A Memory

May 28, 2015 16:53

On our last day in Tokyo, I tagged along with him and his co-workers as they strolled through Nakameguro. It was a Sunday. We'd spent the morning in Daikanyama as a big group, browsing bookstores and high end boutiques after a leisurely American-style brunch. I toyed with the idea of buying an overly expensive cardigan or designer wallet. We sat down for coffee and snacks in a basement café that served curry and other wholesome, unpretentious fare. By mid-afternoon all of the significant others had gone off on their own adventures except for me. The five of us were hungry again. We felt great satisfaction in stumbling upon a small Japanese-run restaurant specializing in Italian pasta.

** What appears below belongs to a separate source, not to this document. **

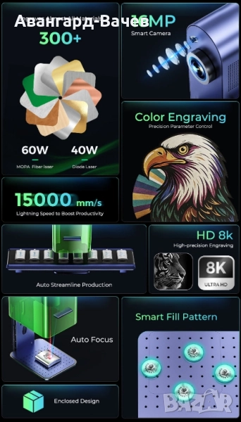 Шперплат Кожа Акрил Хартия Покритие на метал Рок Храна Каучук Визуално позициониране и гравиране с изкуствен интелект Използвайки предварително установен обектен модел, камера идентифицира моделирания детайл в работното пространство, подравнява го точно и съответно стартира работния процес. Пакетна обработка Разширената работна зона и автоматизираното конвейерно устройство повишават производствения потенциал на вашия бизнес. Пакетна обработка - Подобрява производствения потенциал на вашия бизнес С визуално позициониране и интелигентна камера, просто заредете материалите на конвейера и готовата партида ще бъде готова за минути. Автофокус Високопрецизен автофокус от индустриален клас, система за визуално определяне на разстоянието, невероятна прецизност и несравнима скорост. Едно щракване прави производството по-плавно. 3D релеф Превъзходно 3D релефно печатане, по-бърза скорост. При 100% мощност, 60W MOPA на GWEIKE G3 превъзхожда 20W фибърни лазери, осигурявайки 3 пъти по-бърза скорост и 200% по-фини детайли. 4-в-1 въртяща се приставка Изключителна гъвкавост за гравиране на цилиндрични, извити и плоски повърхности Напълно затворен предпазен щит с ултра тиха и ефективна вентилация Напълно затворен дизайн с OD5+ предпазен щит за очите за по-чисто и безопасно работно място — ефективно блокира прах, дим и изтичане на лазерна светлина. Защитният екран OD5+ ефективно блокира лазерното лъчение, докато вграден мощен вентилатор ефикасно извлича дима. Присъединете се към нашата VIP група във Facebook и вземете безплатен бутон за пакетна обработка за вашия G3. Спецификации Капацитет за обработка Лазерна мощност и лазерен източник 60W MOPA 1064nm фибър лазер + 40W 450nm диоден лазер 30W MOPA 1064nm фибър лазер + 40W 450nm диоден лазер 50W 1064nm фибър лазер + 20W 450nm диоден лазер 30W 1064nm фибър лазер + 20W 450nm диоден лазер 20W 1064nm фибър лазер + 20W 450nm диоден лазер Работна зона 6,9'' × 6,9" (175 × 175 мм) 6,9" × 19,6" (с конвейер) (175 × 1000 мм) Максимална работна скорост 15000 мм/сек Режим на обработка Лазерно гравиране и лазерно рязане Поддържани материали Лазерно рязане : Диоден лазер: Хартия, Дърво, Кожа, MDF, Филц, Някои тъмен непрозрачен акрил. Фибърен лазер: Месинг, Неръждаема стомана, Алуминий. Лазерно гравиране : Диоден лазер: Хартия, Дърво, Кожа, MDF, Неръждаема стомана, Някои тъмен непрозрачен акрил, Бамбук, Плат, Тъмно стъкло и други. Керамика, Нефрит, Мрамор, Шисти, Цимент, Тухла, Покрит метал, Боядисан метал. Фибърен лазер: Неръждаема стомана, Алуминий, Месинг, Сребро, Пластмаса, Платина, Титан, Злато и други. Максимален капацитет на лазерно рязане (липа) 20 мм при многократни проходи Максимален капацитет на лазерно рязане (акрил) 12 мм при многократни проходи Максимален капацитет на лазерно рязане (месинг) 1,5 мм при многократни проходи Максимален диаметър на ротационно гравиране 160 мм Софтуер Поддържан софтуер ГЛАЗЪР/ЛайтБърн Операционна система Windows/macOS/Android/iOS/iPad Метод на свързване USB/Wi-Fi Поддържани файлове SVG/DXF/JPG/JPEG/PNG/BMP/TIF Операция Вградена камера 16 MP интелигентна камера Режим на фокус Автофокус Метод на позициониране Позициониране на камерата Пакетна обработка Интелигентно запълване на една и съща форма Точност и прецизност Размер на лазерното петно 0,08 x 0,1 мм (диоден лазер)/0,06 x 0,06 мм (фибърен лазер) Прецизност на гравиране 0,0027 мм Прецизност на фокуса 0,5 мм Обща информация Размери на продукта 20,69'' x 8,66'' x 13'' (525,5*220*330

It was a lazy day, and we drank a carafe of white wine with our meal. I was distracted by a subtle awareness that something was amiss, but I couldn't quite tell what it was yet. Or maybe I didn't necessarily want to put words to it. Toward the end of our late lunch, I looked at him across the table, chatting casually with his colleagues, drinking wine, eating pasta. Even though he was four years older than me, I always saw something boyish in his comportment. I found this charming until the point I realized that, for him, this quality equated with immaturity, indulgence, and irresponsibility - traits hewing closer to childishness, in stark contrast to the temperance, discipline, and trust that make a man. That day at lunch in Nakameguro, I suddenly saw that boyish insouciance melt from his façade during a careless moment, a more solid contour taking its place, a countenance that revealed a sad and worn man approaching middle age.

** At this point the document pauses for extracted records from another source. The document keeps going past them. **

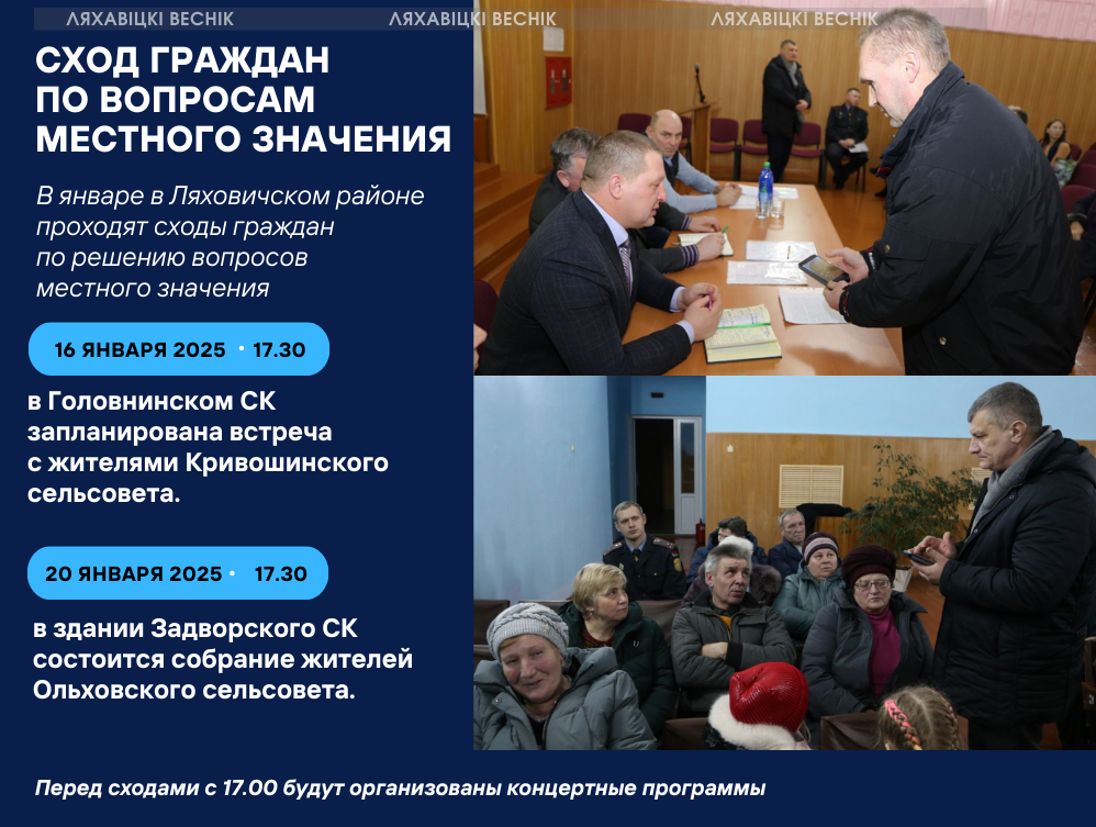 Навіны Сходы граждан по вопросам местного значения проходят в Ляховичском районе 13/01/2025 77 redakcyja
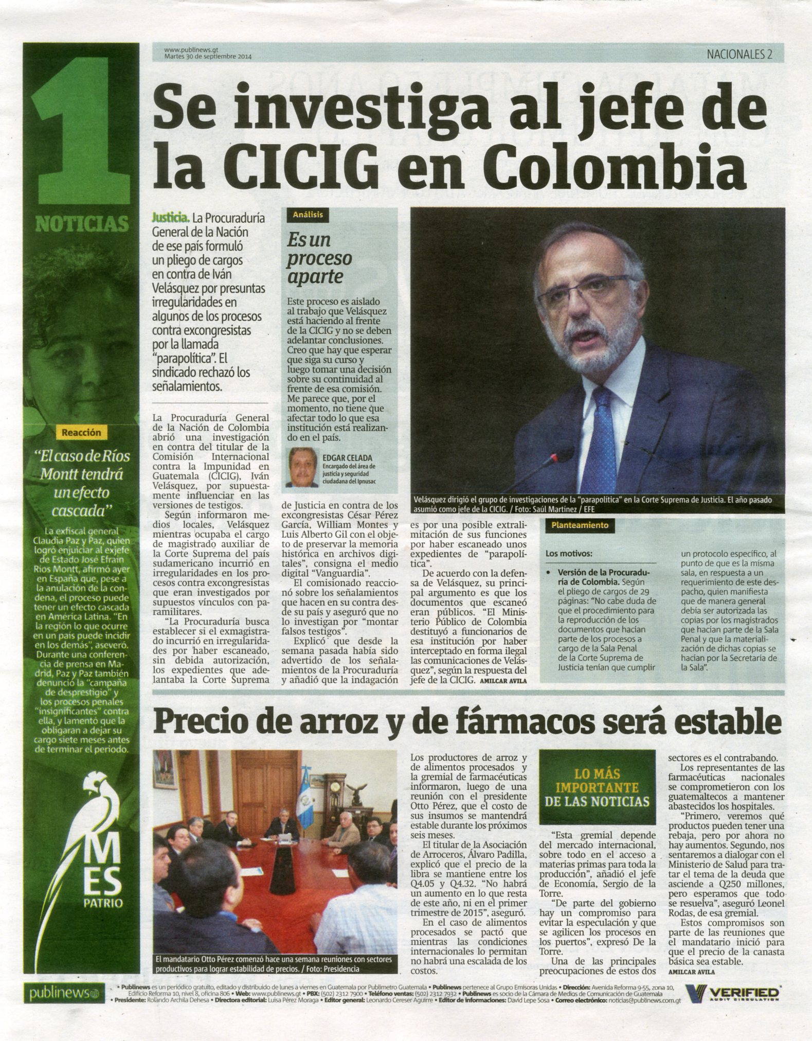 PUBLINEWS30092014- SE INVESTIGA AL JEFE DE LA CICIG EN COLOMBIA- PAG 02
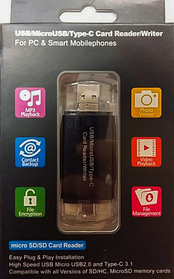 - OTG – SD & TF – USB – Micro USB – Type-C

I think maybe he saw that I saw this, and resented me for it.

Later in the afternoon, I went outside to read a book for my class and smoke a cigarette while they were ferreting around another exorbitant houseware store. Hearing footsteps, I looked up. The glare he offered me as he walked out and away was naked and unadorned. There was anger and spite in his eyes. I'd done nothing, said nothing. As in my previous relationship, I think it was because he couldn't handle this awareness of himself, refracted through my gaze, even if I remained silent. The next morning we flew to Korea. I felt a small panic on the way to the airport. This was over, I felt. This was already over. How hateful and how sad.